■ SUPPLIED DATA ■
────────────────────

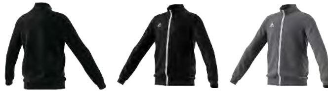
H57520 12/01/21 H57521 12/01/21

ENTRADA22 Track Jacket Youth S2206GHTT405Y
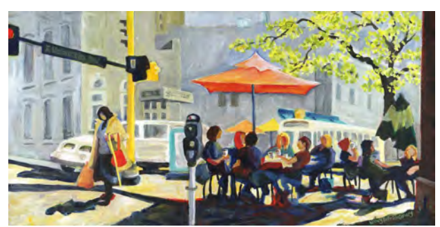
"Vanitas on East Hennepin"

────────────────────

■ WHAT IS REQUIRED ■
Return the listing verbatim; pictures are not part of the copy.

■ PROBLEM SOLUTION ■
H57520 12/01/21 H57521 12/01/21

ENTRADA22 Track Jacket Youth S2206GHTT405Y
"Vanitas on East Hennepin"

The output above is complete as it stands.